The 'spine' is the colloquial name given to the national database of key information about patients' health and care. It forms the core of the NHS Care Records Service. It also supports other key elements of the national programme for IT (NPfIT), such as choose and book, the electronic prescriptions service, the summary care record and 'GP to GP' record transfer, each of them using the spine's messaging functionality as part of their own services.
Reports of service incidents for investigation fall into five levels of severity, ranging from those which have a significant adverse impact on the provision of the service (severity 1), to those comprising mere cosmetic flaws, for example on-screen misalignment of data (severity 5). They may involve intermittent failures or be unnoticed by the user since other, associated application functionality is unaffected. Similarly, the service incidents that do occur do not usually affect all users and may be quite localised.

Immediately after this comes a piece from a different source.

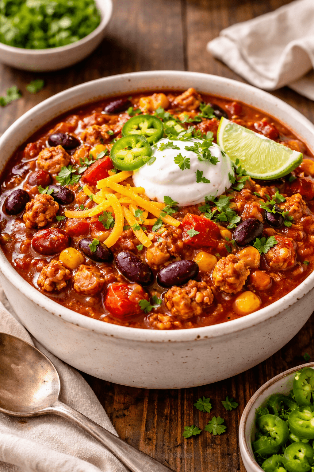 Ground turkey is a lean protein that absorbs spices beautifully while keeping the dish lighter than traditional beef chili.
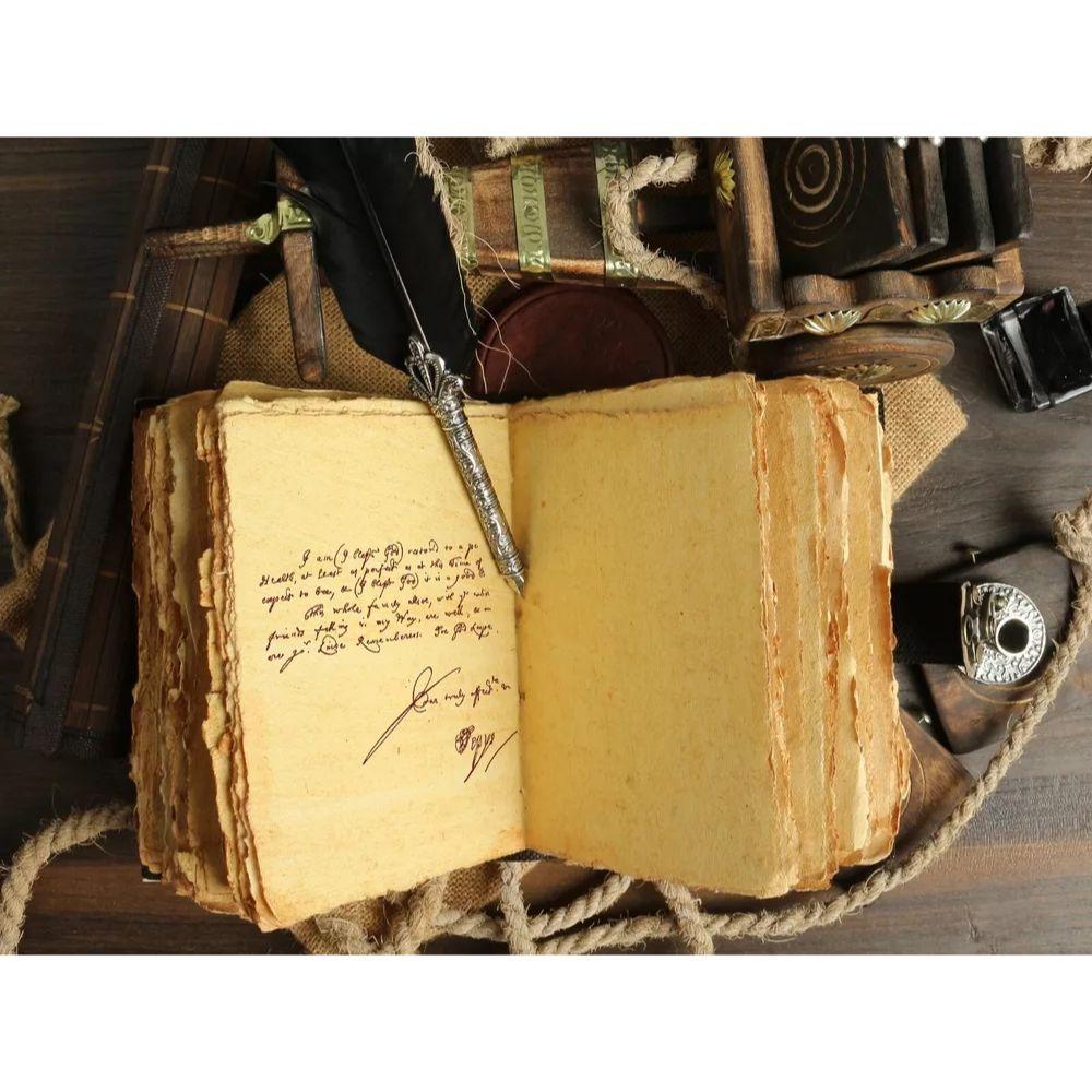 200 страниц плотной антикварной винтажной хлопчатобумажной бумаги, которой на вид тысяча лет.

A breakdown of reported incidents by date and whether these were a result of a national service incident or were as a result of local circumstances, together with the period of service interruption, could be provided only at disproportionate cost. There is no evidence of any service incident having had a material impact on the quality of patient care.

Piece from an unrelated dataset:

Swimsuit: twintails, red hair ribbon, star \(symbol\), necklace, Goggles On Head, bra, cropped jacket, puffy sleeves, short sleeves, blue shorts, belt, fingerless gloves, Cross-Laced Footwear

The service availability levels required under the spine contract are exceptionally demanding compared with those for information technology systems that preceded NPfiT. Since the first spine applications went live in July 2004, overall service availability has typically been continuously either at 100 per cent, or very close to 100 per cent, across the whole range of spine services. Details of service availability for spine services, measured against contracted target availability, is routinely published, and updated weekly, on the NHS Connecting for Health website at:
www.connectingforhealth.nhs.uk/newsroom/statistics/availability/ncrs_stats.